「焦げを食べるとがんになる」という知識は、今や常識のように広まっています。

真っ黒なトーストや、バーベキューの網の上で放置されていた肉や野菜は食べるべきではない、というのです。

しかし、これらの情報は完全に正確なわけではありません。

アメリカ国立がん研究所(NCI)の上級研究員であるラシミ・シンハ氏は、焦げとがんの関係性を科学的に解説しています。

目次

  • 焼くと焦げができるのはなぜ?
  • 焦げには発がん性があるのか?
  • ヒトでの発がん性は実証できていない

焼くと焦げができるのはなぜ?

加熱するとメイラード反応が起こる
加熱するとメイラード反応が起こる / Credit:Depositphotos

食材を焼くと、当然ながら食材に含まれる水分が飛びます。

しかし水分が失われただけでは、色まで変化しないはずです。

実は私たちが食材を加熱するとき、そこでは「メイラード反応」という特殊な化学反応が起こっています。
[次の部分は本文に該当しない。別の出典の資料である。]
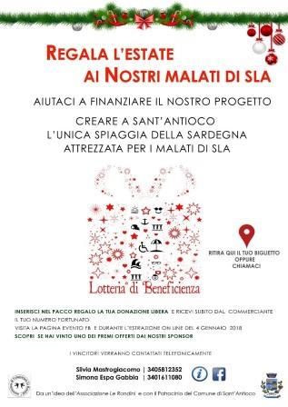 “Regala l’estate ai nostri malati di SLA”. E' lo slogan di una lotteria di beneficenza organizzata, col patrocinio del Comune, dall’associazione di volontariato “Le Rondini” attiva nel Sulcis-Iglesiente per la tutela dei malati gravi e gravissimi, che si propone di regalare un'estate felice agli ammalati di Sla di Sant'Antioco. La finalità è quella di trovare i fondi necessari per attrezzare un tratto di una spiaggia di Sant’Antioco affinché possa accogliere i malati di Sclerosi Laterale Amiotrofica (SlA), terribile patologia degenerativa che produce effetti disastrosi per la qualità della vita di chi ne è affetto. Così l’associazione di volontariato per raggiunge lo scopo ha organizzato una lotteria di beneficienza per la raccolta fondi a sostegno del progetto “Quando la disabilità non è un limite”, rivolto a soggetti colpiti da patologie altamente invalidanti. «Riteniamo corretto e doveroso sostenere questa proposta –commenta il sindaco Ignazio Locci– è una conquista di civiltà e per questo ci metteremo nella condizione di promuovere il progetto. È un sogno- conclude il sindaco- che vogliamo contribuire a realizzare». Il biglietto per partecipare alla lotteria, la cui estrazione averrà il 4 gennaio prossimo, può essere acquistato con offerta libera nelle attività commerciali convenzionate cittadine. In palio numerosi premi offerti dagli sponsor che hanno aderito all’iniziativa tra cui pernotazioni in albergo, cene e pizzate, buoni acquisto e persino dei gioielli.

食材に含まれるタンパク質と糖が加熱によって結びつき、褐色物質を生み出していたのです。

そしてこのメイラード反応は食材の旨味を凝縮させたり、香ばしさを与えたりする効果があるため、「適度な焦げ」を作ることは1つの調理法として用いられてきました。

実際、黄金色のトーストや炊き込みご飯のおこげ、ステーキの香ばしい焼き色は、多くの人を魅了します。

しかし多くの人が危惧しているように、このメイラード反応では、発がん性が疑われている物質も作られてしまいます。

焦げには発がん性があるのか?

焦げに含まれる物質のうち、発がん性が疑われているのは次の3つです。

  • ①ヘテロサイクリックアミン(HCA)
  • ②多環芳香族炭化水素(PAH)
  • ③アクリルアミド

①②は肉を加熱した際に発生するものです。

③はトーストやフライドポテト、コーヒー、麦茶、クッキーなどに多く含まれています。

しかも③は食材に限らず、タバコの煙などのあらゆるものに含まれているとのこと。